◆ PROBLEM TO SOLVE: All that belongs in the answer is the lines from the one containing "Skipper Spencer Cartwright" to the end of the listing below, copied exactly, pictures excluded.

** AVAILABLE DATA follows **

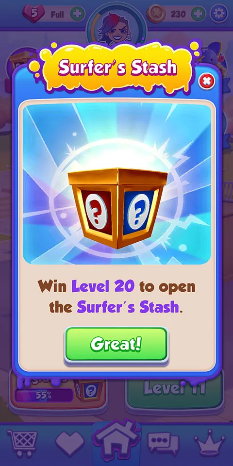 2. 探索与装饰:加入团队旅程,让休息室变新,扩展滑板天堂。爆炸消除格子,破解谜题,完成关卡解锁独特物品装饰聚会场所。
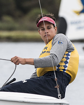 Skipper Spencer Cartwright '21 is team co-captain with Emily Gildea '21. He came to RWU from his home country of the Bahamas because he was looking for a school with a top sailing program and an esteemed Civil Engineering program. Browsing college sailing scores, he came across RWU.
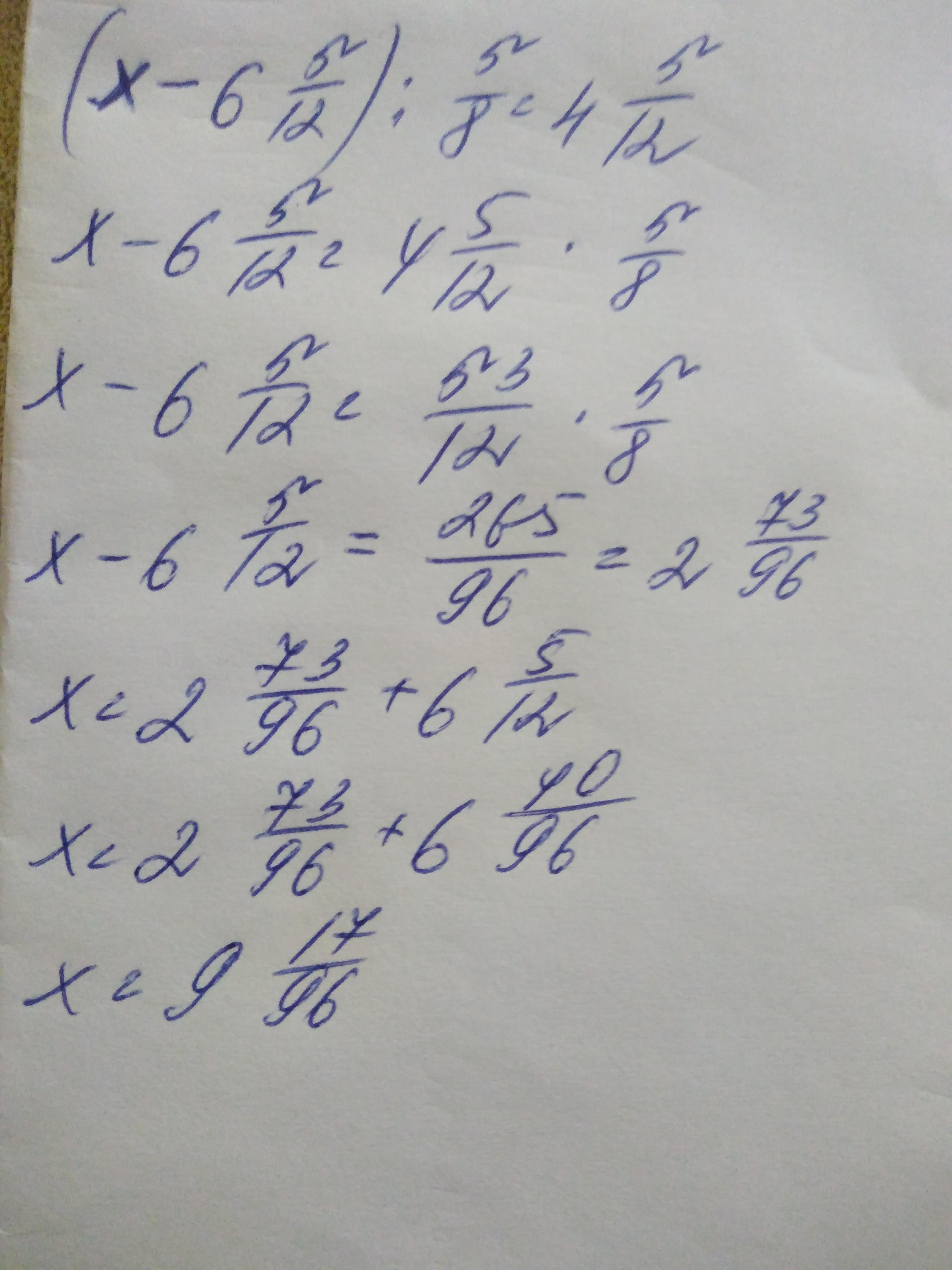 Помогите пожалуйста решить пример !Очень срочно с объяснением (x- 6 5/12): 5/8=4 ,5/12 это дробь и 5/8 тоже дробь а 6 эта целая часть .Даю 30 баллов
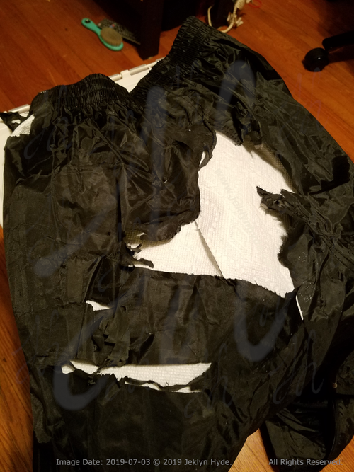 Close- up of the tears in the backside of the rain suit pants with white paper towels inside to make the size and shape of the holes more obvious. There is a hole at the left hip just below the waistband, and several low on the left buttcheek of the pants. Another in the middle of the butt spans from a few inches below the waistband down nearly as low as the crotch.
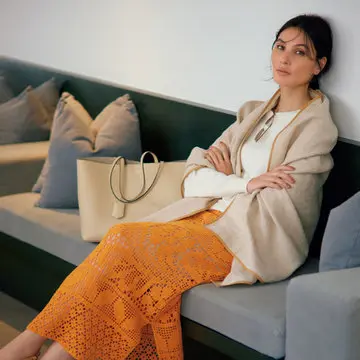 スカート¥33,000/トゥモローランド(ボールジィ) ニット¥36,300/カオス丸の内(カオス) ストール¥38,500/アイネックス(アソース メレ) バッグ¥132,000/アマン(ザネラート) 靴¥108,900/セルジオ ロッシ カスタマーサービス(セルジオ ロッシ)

** End of AVAILABLE DATA **

◆ RESPONSE FOR THIS EXERCISE:
 Skipper Spencer Cartwright '21 is team co-captain with Emily Gildea '21. He came to RWU from his home country of the Bahamas because he was looking for a school with a top sailing program and an esteemed Civil Engineering program. Browsing college sailing scores, he came across RWU.
 Помогите пожалуйста решить пример !Очень срочно с объяснением (x- 6 5/12): 5/8=4 ,5/12 это дробь и 5/8 тоже дробь а 6 эта целая часть .Даю 30 баллов
 Close- up of the tears in the backside of the rain suit pants with white paper towels inside to make the size and shape of the holes more obvious. There is a hole at the left hip just below the waistband, and several low on the left buttcheek of the pants. Another in the middle of the butt spans from a few inches below the waistband down nearly as low as the crotch.
 スカート¥33,000/トゥモローランド(ボールジィ) ニット¥36,300/カオス丸の内(カオス) ストール¥38,500/アイネックス(アソース メレ) バッグ¥132,000/アマン(ザネラート) 靴¥108,900/セルジオ ロッシ カスタマーサービス(セルジオ ロッシ)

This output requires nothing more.